[EXERCISE DATA]

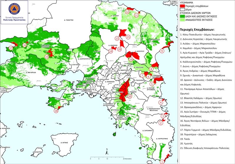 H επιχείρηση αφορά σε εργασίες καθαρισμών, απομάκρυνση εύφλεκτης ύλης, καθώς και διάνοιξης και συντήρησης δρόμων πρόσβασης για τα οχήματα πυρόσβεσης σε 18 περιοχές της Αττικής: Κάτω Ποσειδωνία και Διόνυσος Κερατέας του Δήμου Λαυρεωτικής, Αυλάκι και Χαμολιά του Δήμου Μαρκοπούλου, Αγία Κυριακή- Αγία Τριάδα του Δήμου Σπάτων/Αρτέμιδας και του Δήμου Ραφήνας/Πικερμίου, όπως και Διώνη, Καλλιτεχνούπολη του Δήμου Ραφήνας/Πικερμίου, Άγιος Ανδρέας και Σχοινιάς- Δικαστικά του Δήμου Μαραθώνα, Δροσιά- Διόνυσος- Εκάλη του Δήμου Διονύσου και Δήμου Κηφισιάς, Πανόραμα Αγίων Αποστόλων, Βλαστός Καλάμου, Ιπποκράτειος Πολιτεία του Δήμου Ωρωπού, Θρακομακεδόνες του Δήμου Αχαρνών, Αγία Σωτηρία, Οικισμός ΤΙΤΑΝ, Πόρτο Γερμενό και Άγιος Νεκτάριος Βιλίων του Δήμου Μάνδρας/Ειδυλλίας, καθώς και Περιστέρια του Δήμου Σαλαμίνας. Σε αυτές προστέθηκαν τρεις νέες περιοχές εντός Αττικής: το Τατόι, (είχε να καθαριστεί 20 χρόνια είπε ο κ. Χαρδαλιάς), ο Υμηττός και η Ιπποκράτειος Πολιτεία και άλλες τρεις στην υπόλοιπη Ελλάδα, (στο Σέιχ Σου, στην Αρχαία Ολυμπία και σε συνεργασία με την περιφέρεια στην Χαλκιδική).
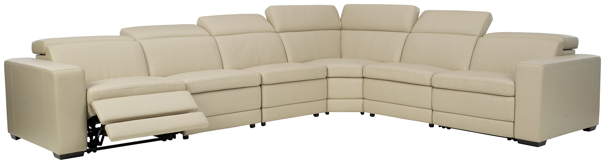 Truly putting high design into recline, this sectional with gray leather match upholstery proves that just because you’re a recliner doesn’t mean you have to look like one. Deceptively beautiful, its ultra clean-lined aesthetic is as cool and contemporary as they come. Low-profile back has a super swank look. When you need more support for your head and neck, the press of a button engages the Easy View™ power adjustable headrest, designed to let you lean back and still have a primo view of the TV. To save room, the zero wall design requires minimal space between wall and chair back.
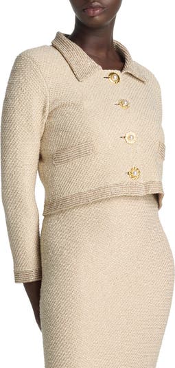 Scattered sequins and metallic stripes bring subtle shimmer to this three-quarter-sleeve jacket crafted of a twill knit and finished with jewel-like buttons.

[/EXERCISE DATA]

» WORK ITEM: Please print all the data above word for word. Pictures should not appear in the copy.

» YOUR SOLUTION:
 H επιχείρηση αφορά σε εργασίες καθαρισμών, απομάκρυνση εύφλεκτης ύλης, καθώς και διάνοιξης και συντήρησης δρόμων πρόσβασης για τα οχήματα πυρόσβεσης σε 18 περιοχές της Αττικής: Κάτω Ποσειδωνία και Διόνυσος Κερατέας του Δήμου Λαυρεωτικής, Αυλάκι και Χαμολιά του Δήμου Μαρκοπούλου, Αγία Κυριακή- Αγία Τριάδα του Δήμου Σπάτων/Αρτέμιδας και του Δήμου Ραφήνας/Πικερμίου, όπως και Διώνη, Καλλιτεχνούπολη του Δήμου Ραφήνας/Πικερμίου, Άγιος Ανδρέας και Σχοινιάς- Δικαστικά του Δήμου Μαραθώνα, Δροσιά- Διόνυσος- Εκάλη του Δήμου Διονύσου και Δήμου Κηφισιάς, Πανόραμα Αγίων Αποστόλων, Βλαστός Καλάμου, Ιπποκράτειος Πολιτεία του Δήμου Ωρωπού, Θρακομακεδόνες του Δήμου Αχαρνών, Αγία Σωτηρία, Οικισμός ΤΙΤΑΝ, Πόρτο Γερμενό και Άγιος Νεκτάριος Βιλίων του Δήμου Μάνδρας/Ειδυλλίας, καθώς και Περιστέρια του Δήμου Σαλαμίνας. Σε αυτές προστέθηκαν τρεις νέες περιοχές εντός Αττικής: το Τατόι, (είχε να καθαριστεί 20 χρόνια είπε ο κ. Χαρδαλιάς), ο Υμηττός και η Ιπποκράτειος Πολιτεία και άλλες τρεις στην υπόλοιπη Ελλάδα, (στο Σέιχ Σου, στην Αρχαία Ολυμπία και σε συνεργασία με την περιφέρεια στην Χαλκιδική).
 Truly putting high design into recline, this sectional with gray leather match upholstery proves that just because you’re a recliner doesn’t mean you have to look like one. Deceptively beautiful, its ultra clean-lined aesthetic is as cool and contemporary as they come. Low-profile back has a super swank look. When you need more support for your head and neck, the press of a button engages the Easy View™ power adjustable headrest, designed to let you lean back and still have a primo view of the TV. To save room, the zero wall design requires minimal space between wall and chair back.
 Scattered sequins and metallic stripes bring subtle shimmer to this three-quarter-sleeve jacket crafted of a twill knit and finished with jewel-like buttons.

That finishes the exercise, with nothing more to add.